All applications for rescission or variation of judgment other than a default judgment must be brought on notice to all parties, supported by an affidavit setting out the grounds on which the applicant seeks the rescission or variation, and the court may rescind or vary such judgment if it is satisfied that there is good reason to do so.

 

[33]         Rule 49(8) of the MC Rules provides:

Where the rescission or variation of a judgment is sought on the ground that it is void from the beginning, or was obtained by fraud or mistake, the application must be served and filed within one year after the applicant first had knowledge of such voidness, fraud or mistake.

 

Was the judgment void ab origine for want of compliance with rule 27(6)-(8)?

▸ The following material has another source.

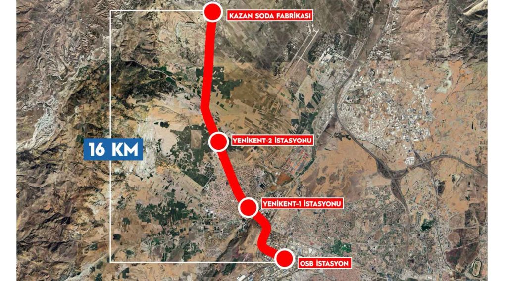 “Başkentray Hattı kapsamında Kayaş-Sincan arasında toplam 24 istasyon bulunuyor. Sincan’dan Yenikent’e uzanacak 12 kilometrelik güzergahta OSB, Yenikent-1 ve Yenikent-2 adında üç yeni istasyon kuruyoruz. Projemiz tamamlandığında Başkentray Banliyö Hattını Sincan İstasyonu üzerinden 1. Organize Sanayi Bölgesi ve Yenikent’e entegre edeceğiz. Yenikent’in 600 bini aşan nüfusunu toplu taşımayla başkentin raylı sistem ağına bağlayacağız. Aynı zamanda Kazan Soda tesislerine bağlayacağımız iltisak hattı sayesinde de yılda 4.4 milyon ton yük taşıyacağız. Kazan Soda Fabrikası’nda üretilen soda külünü ekonomik ve hızlı bir şekilde limanlara ulaştırıp dünya piyasasına sunarak ülkemize ciddi bir ekonomik katkı sunacağız.”
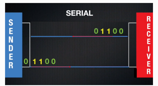 串口通信的英文缩写是UART(Universal Asynchronous Receiver Transmitter) 全称是通用异步收发器。听起来很高深的概念,其实就如下图,两个设备,一根线串起来,发送方在线的一头将数据转换为二进制序列,用高低电平按照顺序依次发送01信号,接收方在线的另一头读取这根信号线上的高低电平信号,对应转化为二进制的01序列。

[34]         The requirements of s 36(1)(a) and (b) are markedly distinct.[13] Section 36(1)(a) is intended ‘to be and is operative for the benefit solely of the litigant who was in default at the time of the granting of judgment’.[14] Section 36(1)(b) is intended to cover a scenario where judgment granted was void ab origine or was obtained by fraud or by mistake common to the parties. The two subsections permit a disjunctive interpretation and so too are the three distinct elements of sub-paragraph (b).

 

[35]         The appellant abandoned her case in relation to the issue of the judgment having been obtained by fraud. The alleged fraud related to the first respondent’s attorney’s deposition that the settlement agreement was handed in court and noted by the court at the request of the parties.  However, despite abandoning this issue, the appellant persisted with her argument that the court a quo was wrong in holding that compliance with the provisions of rule 27(6) of the MC Rules was not a pre-condition before an application in terms of rule 27(9) could be made.

 

[36]         The appellant’s argument that the court a quo acted outside its jurisdiction in granting the judgment was founded on the allegations of fraud, particularly, that the settlement agreement was handed in court and noted by the court at the request of the parties.  In my view, once the appellant abandoned her case in relation to issue of the judgment having been obtained by fraud, the appellant could no longer validly argue that the court a quo acted outside its jurisdiction in granting the judgment. The effect thereof being that the judgment was recorded in terms of rule 27(6) - (8) of the MC Rules. 

 

[37]         Even if I am wrong in arriving at this conclusion when this court had an occasion to delve into the interpretation of the provisions of rule 27 in Khwela and another v Dlamini [15] it held as follows:

[7] The significance of this assertion is stated by the respondents as follows. Because “the Applicant did not lodge a statement of the terms of settlement signed by all the parties to the action as envisaged in Rule 27(8)”, “the present application cannot succeed”. This point requires a brief overview of Rule 27 and a brief analysis of Rules 27(7), (8) and (9). The clear underlying rationale for Rule 27 is that where litigious matters are settled, a mechanism is provided for judgements to be granted in terms of the settlement without having to begin ab initio with an action based on the settlement agreement. If the rule was not in place, a matter which had been settled by way of a compromise, and where a party did not reserve the right to proceed on the original causes of action, would require the party concerned to commence a new action to sue on the settlement agreement. I will deal below with the requisites for a compromise. This is because the settlement agreement would constitute a fresh cause of action. The Rule provides a means to obtain an expeditious judgement where the terms of a settlement agreement have not been complied with. In the circumstances dealt with under the Rule, judgement can be granted on a settlement agreement which has compromised the original cause of action pursuant to the provisions of Rule 27(9) without a fresh action being instituted.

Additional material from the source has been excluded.